PROVIDED MATERIAL ▸

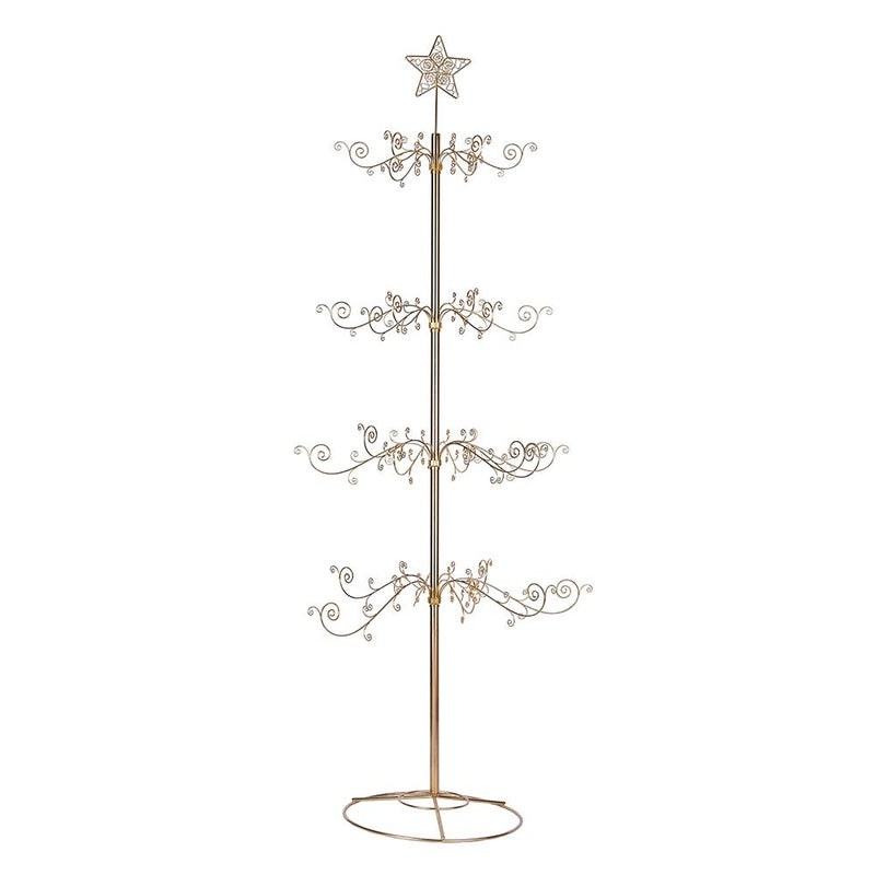 - This Kurt Adler 7-foot gold metal tree is a unique, festive way to add to your holiday décor. This tree has an all-metal gold design, with boughs that come to swirled flourishes at the ends and an ornate metal star at the top.
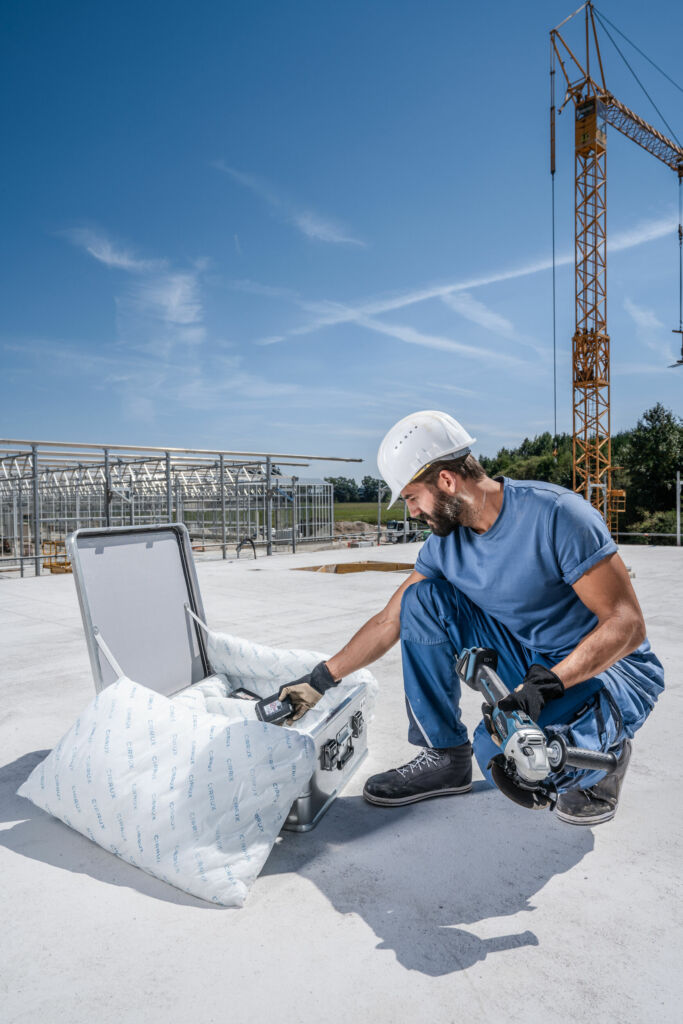 Power-Tools sind aus dem Unternehmensalltag nicht mehr wegzudenken. Damit deren Lithiumbatterien kein Sicherheitsrisiko darstellen, eignet sich die Zarges Transportbox Akku Safe für die Lagerung und Logistik selbst kritisch beschädigter Akkus.Bild: ZARGES GmbH
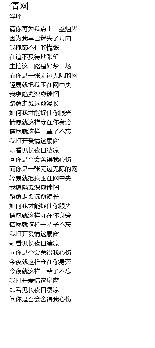 | [01:17.76] | ér nǐ shì yī zhāng wú biān wú jì de wǎng |
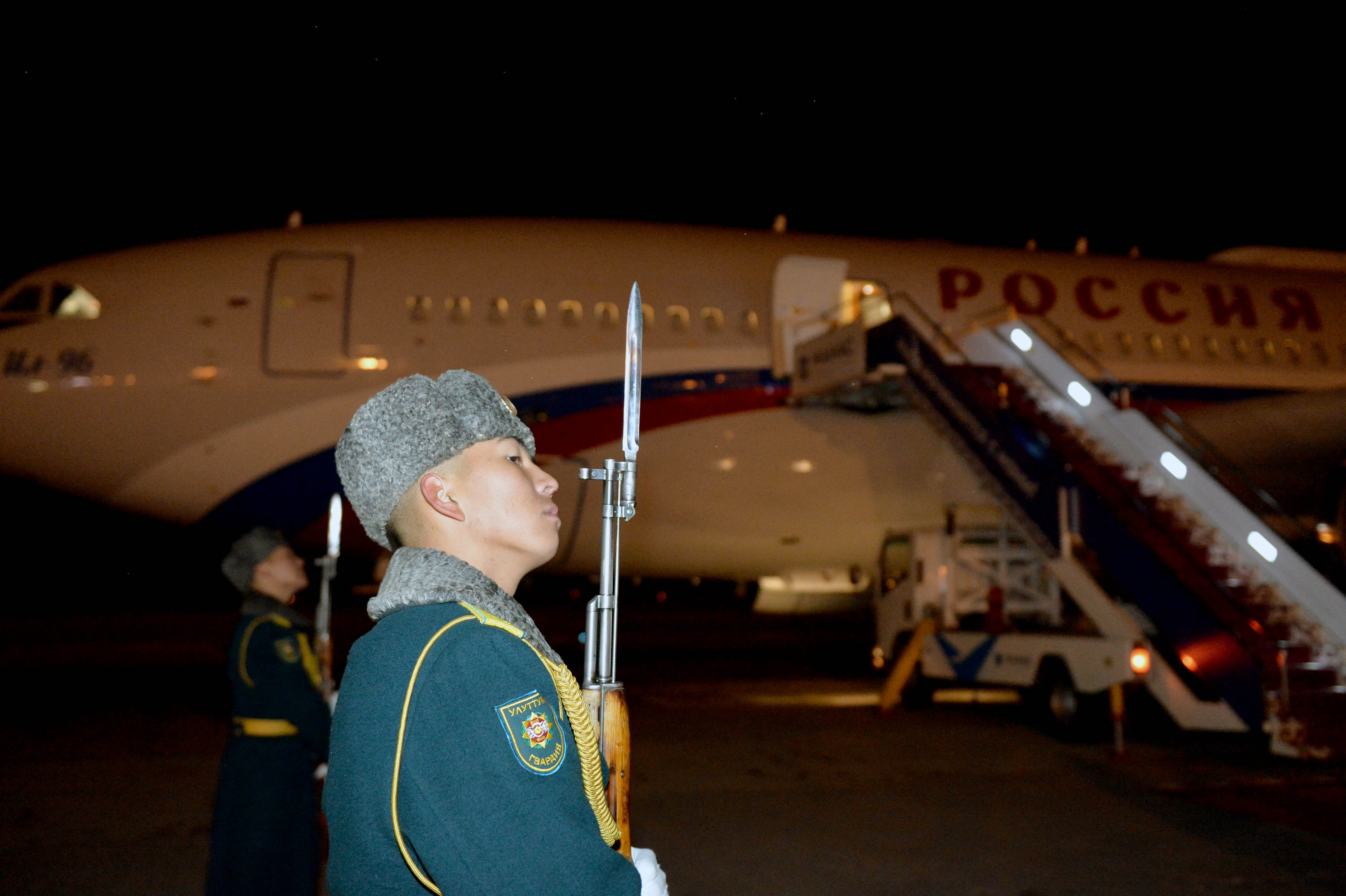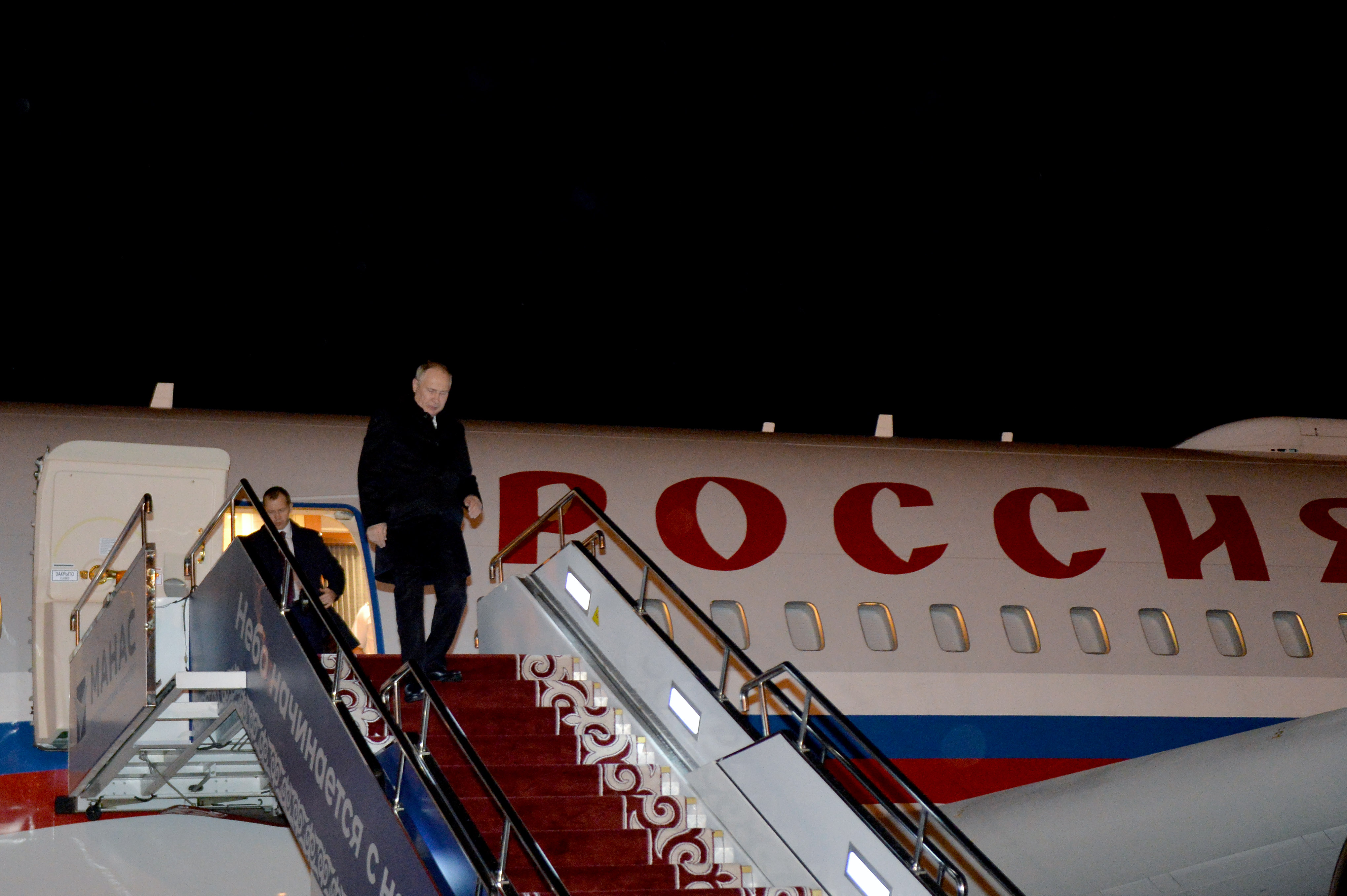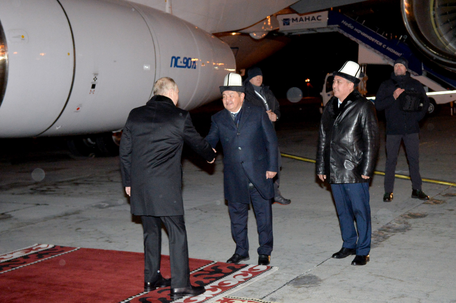 «Манас» Эл аралык аэропортунда Россия Федерациясынын Президенти Владимир Путинди Кыргыз Республикасынын Министрлер Кабинетинин Төрагасы — Кыргыз Республикасынын Президентинин Администрациясынын Жетекчиси Акылбек Жапаров тосуп алды.
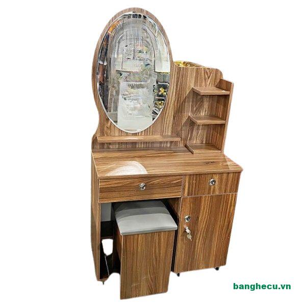 Bàn trang điểm gỗ nâu gương Oval hiện đại tồn kho
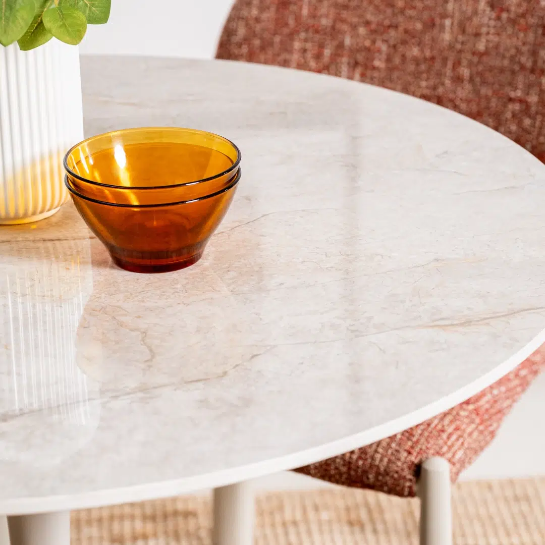 Weighing 24.2kg, the sturdy 76cm-high table combines a reinforced ceramic surface with a cappuccino powder-coated metal frame, offering stability and resistance to daily wear. The glossy ceramic finish mimics natural marble patterns, adding sophistication without compromising on resilience. Its heat-resistant properties make it ideal for both casual meals and formal gatherings.
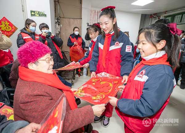 1月16日,共青團(tuán)埇橋區(qū)委員會(huì)聯(lián)合埇橋區(qū)青年志愿者協(xié)會(huì)開(kāi)展“溫暖進(jìn)宿城 新春送祝福”愛(ài)心志愿活動(dòng)。活動(dòng)現(xiàn)場(chǎng),市港利小學(xué)的學(xué)生們?yōu)槲麝P(guān)街道祥安社區(qū)敬老院的老人送上“福”字及慰問(wèn)品,送去新春祝福。記者 蘇洋 攝
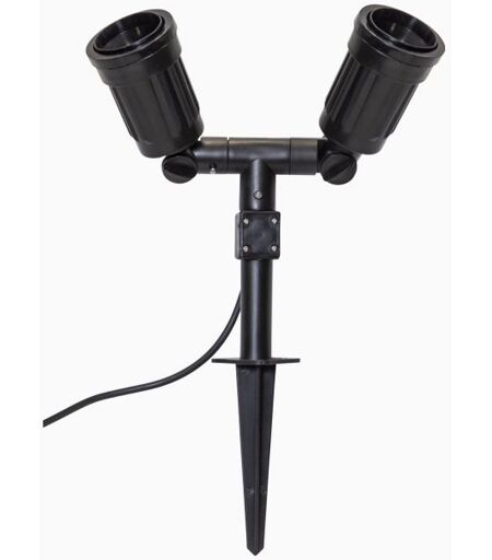 Ett markspyd med to spotlights for utendørs bruk. Vi anbefaler en lyspære PAR38 med E27-sokkel. Lampen har en 5 m gummikabel. Spotlight blir med fordel brukt til å lyse opp trær og busker. Lyspæren selges separat. ...
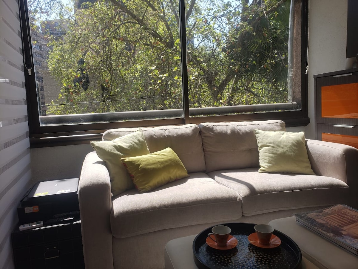 Goditi questo appartamento centrale con 1 camera da letto + divano letto a pochi passi da tutto: strade principali, mezzi di trasporto (autobus e metropolitana), luoghi turistici, quartieri bohémien (Lastarria, Barrio Italia), ospedali, piazze e parchi. Ideale per soggiorni spensierati: avrai tutto il necessario per sentirti a casa. La sua vista a sud lo rende fresco d'estate anche senza aria condizionata e senza rumori esterni! Le finestre termopan consentono di riposare tranquillamente. Aggiungi la colazione se lo desideri!
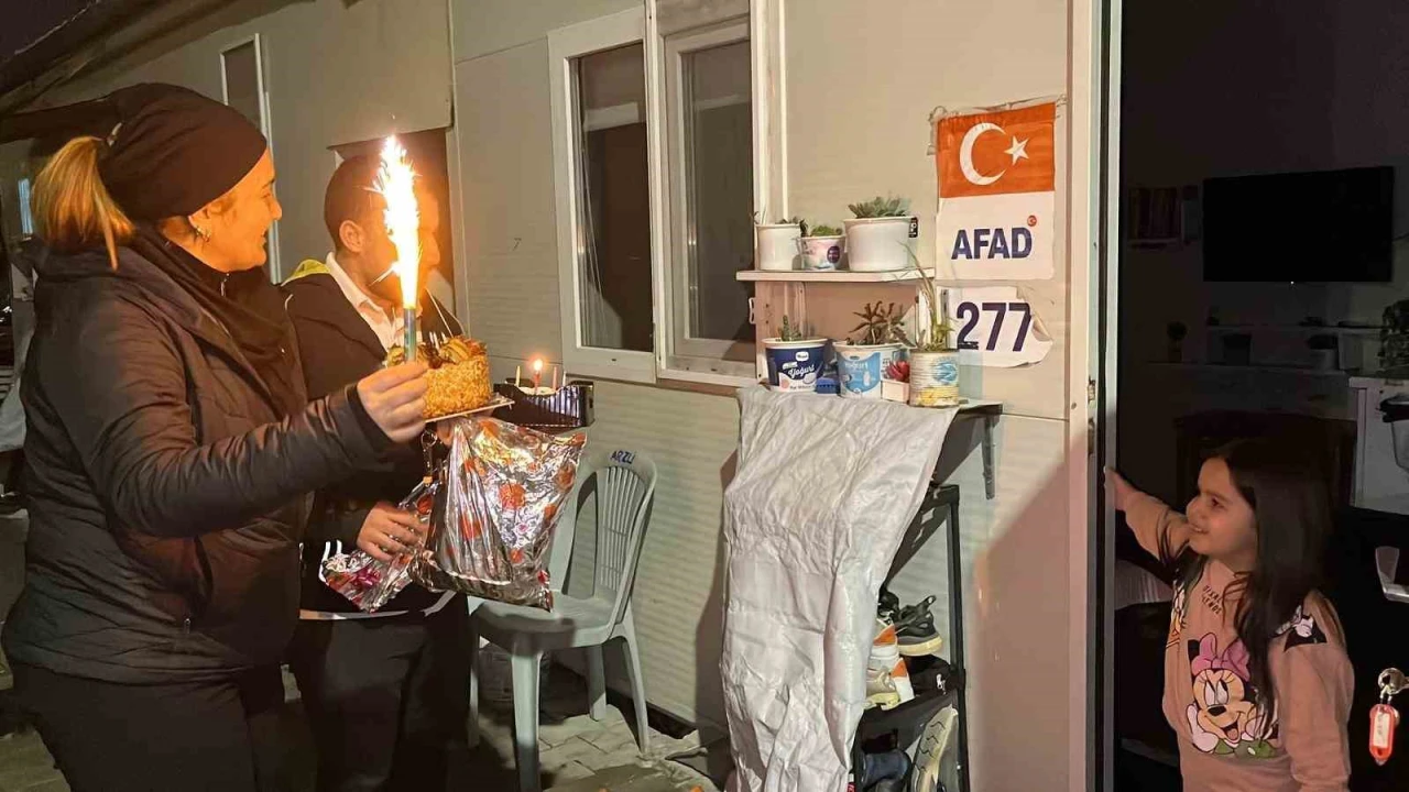 HATAY (İHA) - Hatay'da annesi ve kardeşleriyle konteynerde yaşayan Alya Parlak'ın 4'üncü yaş günü sürpriz doğum günüyle kutlandı.
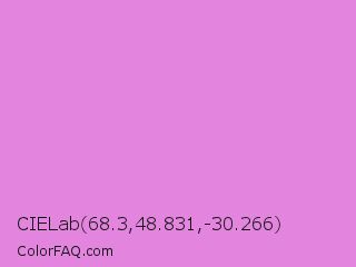 CIELab 68.3,48.831,-30.266 Color is a light magenta color and the nearest color is Lavender Magenta #ee82ee. Hex code #e385de and RGB value is rgb(227,133,222). In RGB color space, this color is composed of 89% red, 52% green, 87% blue, In CMYK color space, this color is composed of 0% cyan, 41% magenta, 2% yellow , 11% black , In HSL color space, this color has a hue angle of 303° , 63% saturation and 71% lightness.
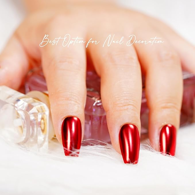- đăPACKAGE CONTENTSă: 6 jars mirror chrome powder (red, purple, brown, blue, silver and gold color) with 6 pcs nail applicator. Each jar chrome powder is enough for more than 100 nails. It needs to be used with no wipe top coat.
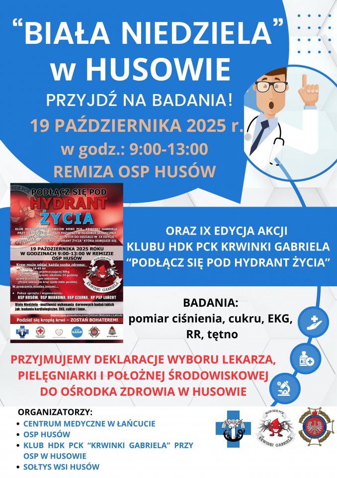 Serdecznie zapraszamy wszystkich mieszkańców i gości do wzięcia udziału w Białej Niedzieli, która odbędzie się 19 października 2025 r. (niedziela) w godzinach 9:00–13:00 w budynku remizy OSP w Husowie. W tym samym czasie odbędzie się również kolejna edycja akcji krwiodawstwa  „Podłącz się pod hydrant życia”, organizowana przez Klub Honorowych Dawców Krwi „Krwinki Gabriela” oraz Klub HDK PCK przy OSP w Husowie.
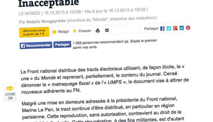 Nathalie Nougayrède ne mâche pas ses mots. Elle n’a pas supporté que le Front National illustre un tract avec la une du Monde du 4 septembre dernier : « Sarkozy — Hollande 84 nouveaux impôts en deux ans » !

PROBLEM DESCRIPTION ▸ Could you reproduce exactly, and only, the lines from the start of the records through the line containing "jì de wǎng |", leaving out the pictures?

RESPONSE ▸
 - This Kurt Adler 7-foot gold metal tree is a unique, festive way to add to your holiday décor. This tree has an all-metal gold design, with boughs that come to swirled flourishes at the ends and an ornate metal star at the top.
 Power-Tools sind aus dem Unternehmensalltag nicht mehr wegzudenken. Damit deren Lithiumbatterien kein Sicherheitsrisiko darstellen, eignet sich die Zarges Transportbox Akku Safe für die Lagerung und Logistik selbst kritisch beschädigter Akkus.Bild: ZARGES GmbH
 | [01:17.76] | ér nǐ shì yī zhāng wú biān wú jì de wǎng |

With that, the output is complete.